A new study from Minneapolis-based credit score developer FICO finds that widespread credit limit cuts and account closures haven't punished consumer credit scores. Reductions in credit lines not triggered by increased risk hurt the scores of only 8.5 million consumers, typically by less than 20 points.
About 33 million credit cardholders saw their credit lines cut between April 2008 and April 2009. Most -- about 24 million -- didn't have any recent negative items in their credit reports that triggered the decrease. This group generally managed credit wisely, and had low account balances, a long credit history and few missed payments.
It's worth pointing out that a loss in available credit doesn't by itself hurt your FICO score. "Unlike some other bureau scores, FICO scores do not consider a consumer's available credit as a stand-alone characteristic for which a consumer might lose points if a lender were to reduce or close his/her account," the report states. Rather, the scoring formula considers the balances owed in relation to the available credit.
Having a lower limit or closed account can make you appear to be using more of your remaining available credit, though, and that can hurt your score. You can minimize the score damage by reducing account balances.
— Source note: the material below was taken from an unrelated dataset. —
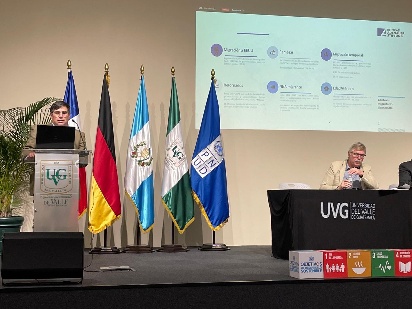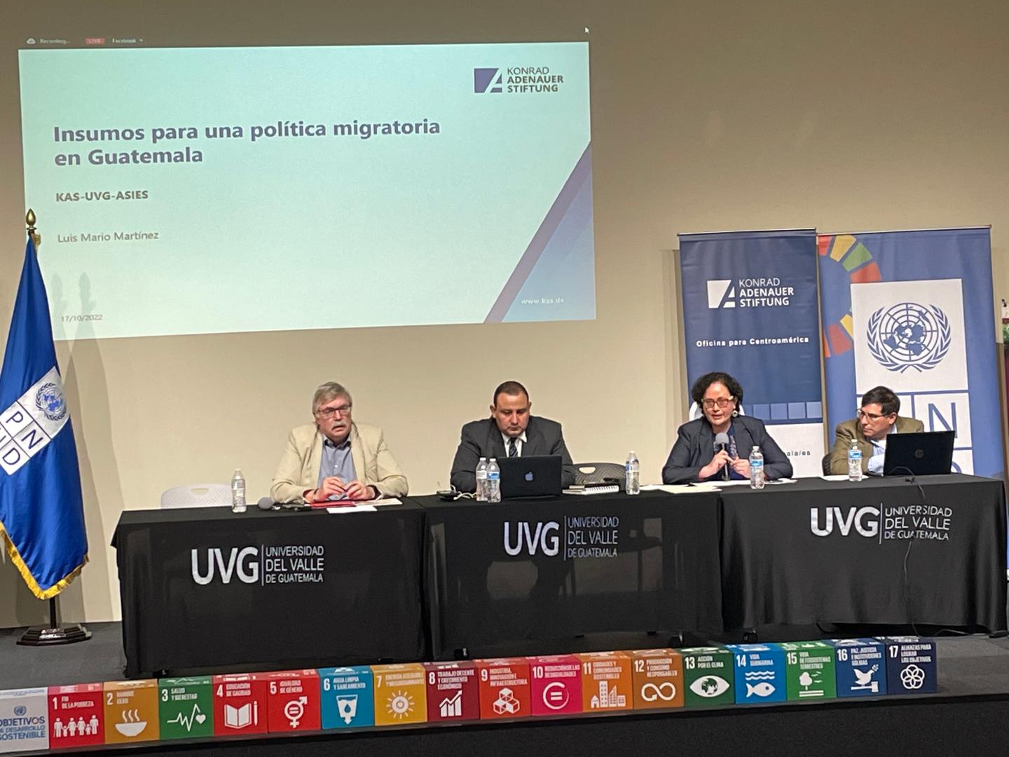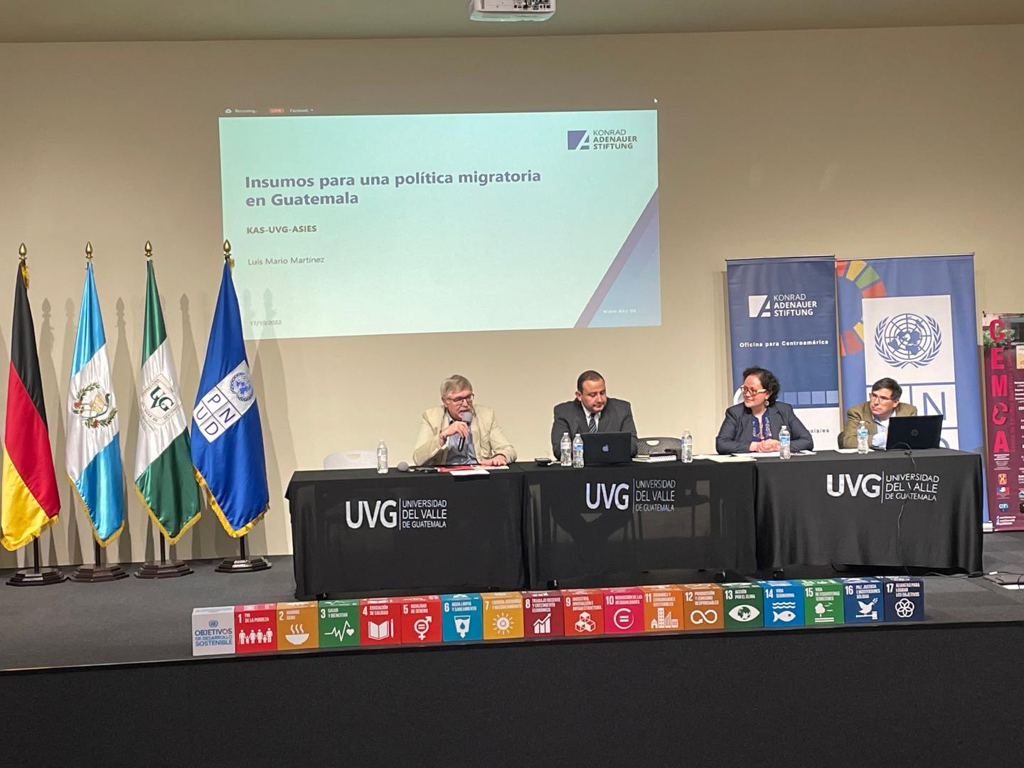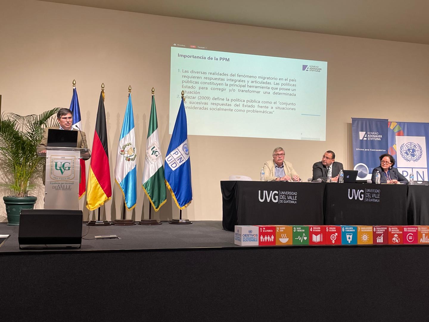 Der Berater Mgtr. Luis Martínez, führte die Präsentation der Forschung durch: "Inputs for a migration policy in Guatemala".

FICO general manager and vice president of scoring Robert Duque-Ribeiro pointed to conservative credit management as an explanation for the stability in scores.
"The findings from our study suggest that many people whose limits were reduced lowered their balances on other revolving accounts and in general managed their credit conservatively. These practices resulted in their ability to sustain or improve their scores despite reductions in their credit card limits," he stated in the company's press release.
As part of the same study FICO also looked at average score decreases for simulated credit limit reductions. Even when the credit limit was slashed by up to 50 percent of the original limit, a FICO score of 719 dropped only nine points. Consumers who had short credit histories, few accounts or "moderate" levels of utilization were more likely to see a bigger dip in their score.